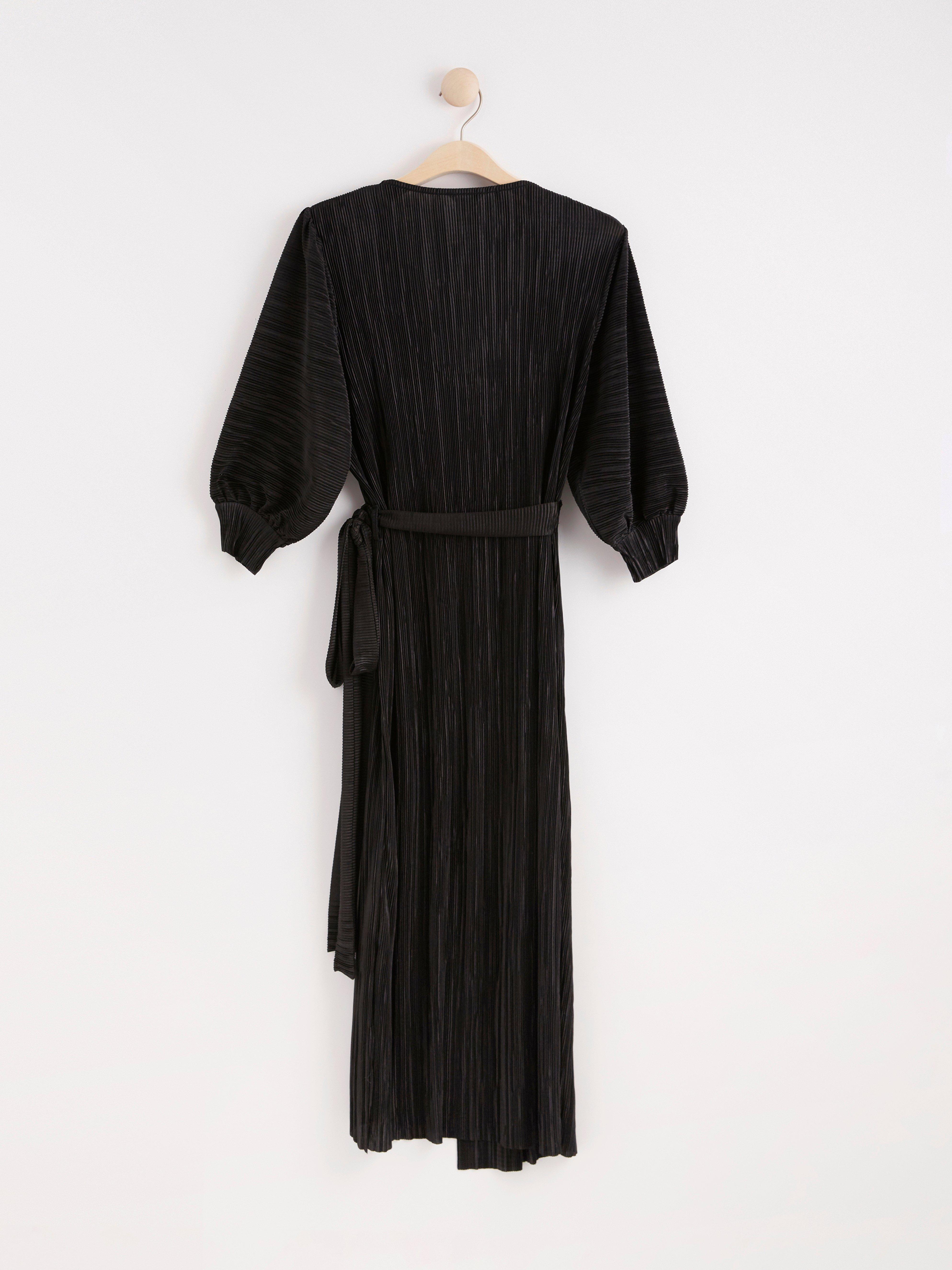 Black Pleated Wrap Dress
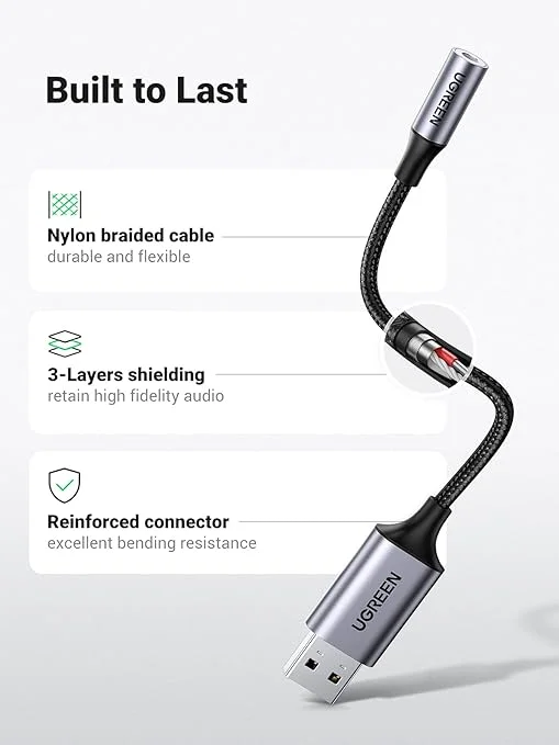 O UGREEN 30757 é uma solução prática para adicionar uma interface de áudio analógica a computadores sem saída de som funcional ou com entrada danificada. Ele conecta via USB 2.0 e disponibiliza uma saída de áudio estéreo/trrs de 3,5 mm que suporta fone de ouvido e microfone. O chip interno DAC oferece qualidade de áudio limpa com resolução de até 24 bit / 96 kHz, e a construção em alumínio reforça a durabilidade enquanto o cabo trançado de 25 cm garante flexibilidade e resistência. É plug-and-play, funcionando automaticamente em sistemas modernos sem necessidade de drivers adicionais.
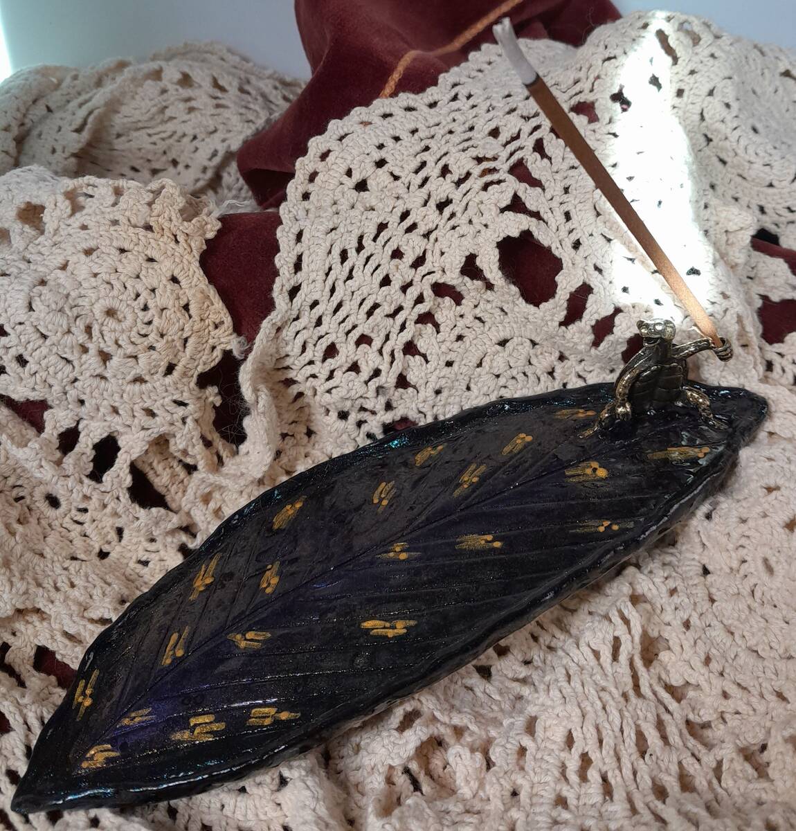 This cool Turtle dude holds your incense stick while doing his Ninja Surfer impression. Decorated with watercolor glitter pigments, gold accents and sealed in resin.
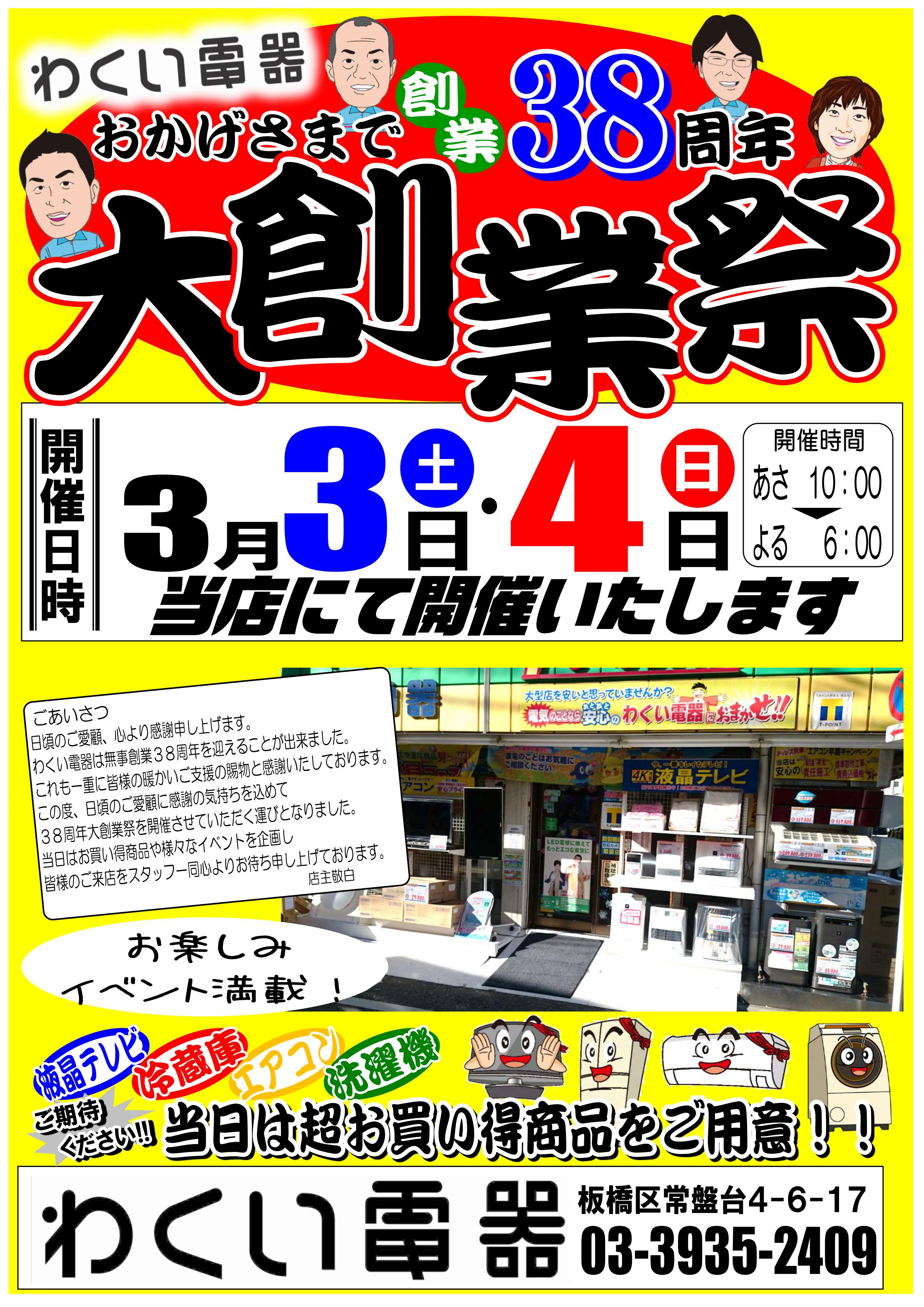 「おかげさまで38周年 大創業祭」を3月3日・4日開催いたします!
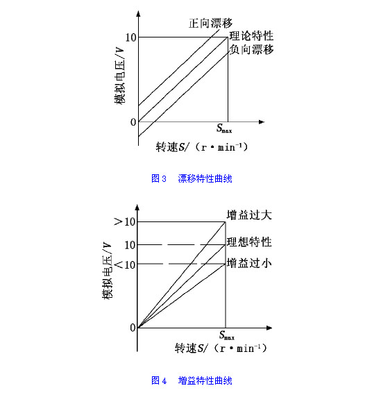 模拟量(liàng)輸出的(de)漂移特(te)性曲線(xian)如圖3所(suǒ)示,調整(zhěng)漂移參(cān)數🚶可改(gǎi)變轉速(sù)S0所對應(ying)的電壓(ya)輸出值(zhí),使特性(xìng)曲✉️線上(shàng)下平移(yí)。本例中(zhōng)🐕漂移♍參(cān)數設定(dìng)為0時,實(shi)測S0轉速(su)對應電(dian)壓為-0.048V,特(te)性曲線(xiàn)為負向(xiàng)漂移曲(qǔ)線。經計(jì)算和🍉設(she)定漂移(yi)參數後(hou),再💃🏻次實(shi)測漂移(yi)電壓為(wei)-0.002V,基本接(jiē)近🛀🏻于0V,特(te)性曲線(xiàn)⛱️基本接(jiē)近理🐪想(xiang)特性曲(qu)線。
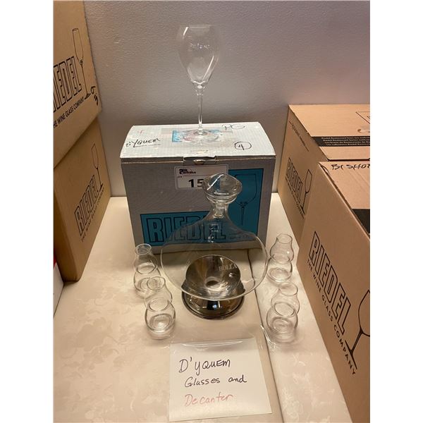 4 RIEDEL D'YQUEM STEM GLASSES, 4 MINI SCOTCH GLASSES & DECANTER
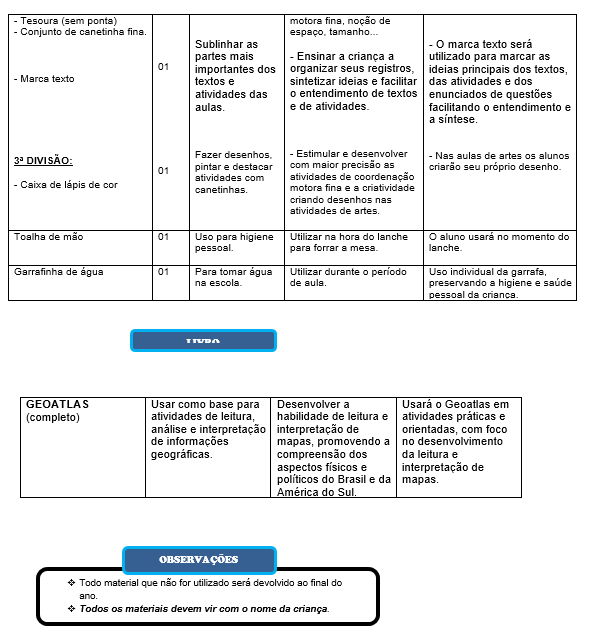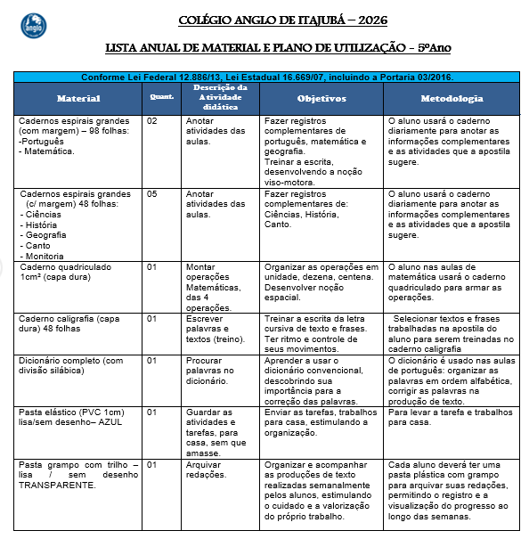 Lista de materiais – 5º ano 2026
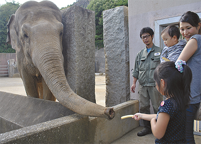 エコ森教室「おイモを掘ってゾウにあげよう」が10月20日、金沢動物園で開かれた。これは、動物園職員がゾウのフンを堆肥に利用して育てたサツマイモを、再びゾウにプレゼントするイベント。参加した親子約80人は、サツマイモを掘った後、インドゾウのヨーコに自分の手でイモを与えた=写真=。子どもたちはゾウの大きさに驚きながらもエサやりを楽しんだ。
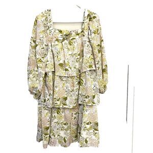 Who What Wear Pastal Floral Dress Women Medium Ruffle Cottagecore Yellow Tiered
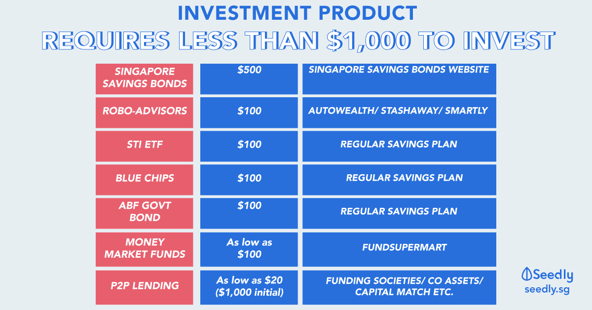 Should you have S$1,000 or lesser to kick off your investment journey, below are some products which can help you “dip your toe in the water”.
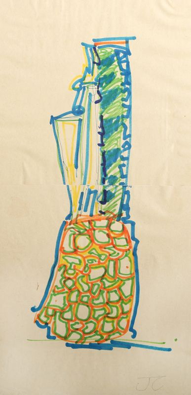John Chamberlain, Blue Pineapple, Marker and Pencil Drawing
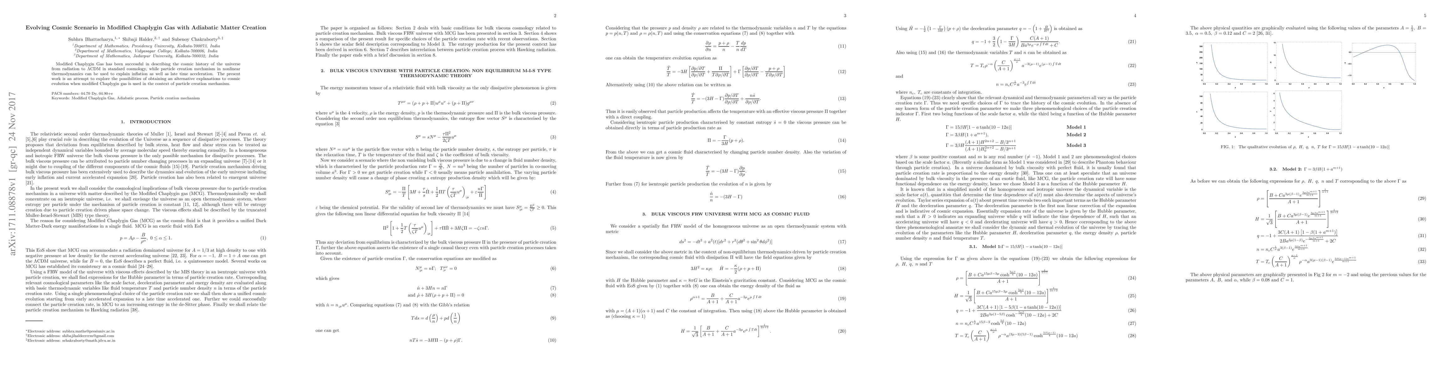 This paper investigates the cosmic evolution using modified Chaplygin gas in conjunction with a particle creation mechanism, aiming to provide alternative explanations for the universe's history from radiation dominance to the $\Lambda$CDM model, including inflation and late-time acceleration.
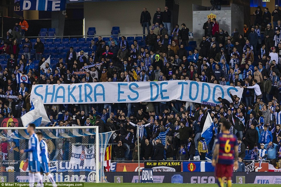 Các cổ động viên của Espanyol đã dùng Shakira để phản pháo Gerard Pique sau khi hậu vệ của Barcelona đăng đàn mỉa mai họ ở trận lượt đi cách đây một tuần.

▬▬▬▬▬▬▬▬▬▬

TASK OBJECTIVE → Nothing but the listing, copied exactly and stripped of its images, should appear in the response.

WRITTEN RESPONSE →
 Black Pleated Wrap Dress
 O UGREEN 30757 é uma solução prática para adicionar uma interface de áudio analógica a computadores sem saída de som funcional ou com entrada danificada. Ele conecta via USB 2.0 e disponibiliza uma saída de áudio estéreo/trrs de 3,5 mm que suporta fone de ouvido e microfone. O chip interno DAC oferece qualidade de áudio limpa com resolução de até 24 bit / 96 kHz, e a construção em alumínio reforça a durabilidade enquanto o cabo trançado de 25 cm garante flexibilidade e resistência. É plug-and-play, funcionando automaticamente em sistemas modernos sem necessidade de drivers adicionais.
 This cool Turtle dude holds your incense stick while doing his Ninja Surfer impression. Decorated with watercolor glitter pigments, gold accents and sealed in resin.
 「おかげさまで38周年 大創業祭」を3月3日・4日開催いたします!
 模拟量(liàng)輸出的(de)漂移特(te)性曲線(xian)如圖3所(suǒ)示,調整(zhěng)漂移參(cān)數🚶可改(gǎi)變轉速(sù)S0所對應(ying)的電壓(ya)輸出值(zhí),使特性(xìng)曲✉️線上(shàng)下平移(yí)。本例中(zhōng)🐕漂移♍參(cān)數設定(dìng)為0時,實(shi)測S0轉速(su)對應電(dian)壓為-0.048V,特(te)性曲線(xiàn)為負向(xiàng)漂移曲(qǔ)線。經計(jì)算和🍉設(she)定漂移(yi)參數後(hou),再💃🏻次實(shi)測漂移(yi)電壓為(wei)-0.002V,基本接(jiē)近🛀🏻于0V,特(te)性曲線(xiàn)⛱️基本接(jiē)近理🐪想(xiang)特性曲(qu)線。
 4 RIEDEL D'YQUEM STEM GLASSES, 4 MINI SCOTCH GLASSES & DECANTER
 Lista de materiais – 5º ano 2026
 エコ森教室「おイモを掘ってゾウにあげよう」が10月20日、金沢動物園で開かれた。これは、動物園職員がゾウのフンを堆肥に利用して育てたサツマイモを、再びゾウにプレゼントするイベント。参加した親子約80人は、サツマイモを掘った後、インドゾウのヨーコに自分の手でイモを与えた=写真=。子どもたちはゾウの大きさに驚きながらもエサやりを楽しんだ。
 Who What Wear Pastal Floral Dress Women Medium Ruffle Cottagecore Yellow Tiered
 Should you have S$1,000 or lesser to kick off your investment journey, below are some products which can help you “dip your toe in the water”.
John Chamberlain, Blue Pineapple, Marker and Pencil Drawing
 This paper investigates the cosmic evolution using modified Chaplygin gas in conjunction with a particle creation mechanism, aiming to provide alternative explanations for the universe's history from radiation dominance to the $\Lambda$CDM model, including inflation and late-time acceleration.
 Các cổ động viên của Espanyol đã dùng Shakira để phản pháo Gerard Pique sau khi hậu vệ của Barcelona đăng đàn mỉa mai họ ở trận lượt đi cách đây một tuần.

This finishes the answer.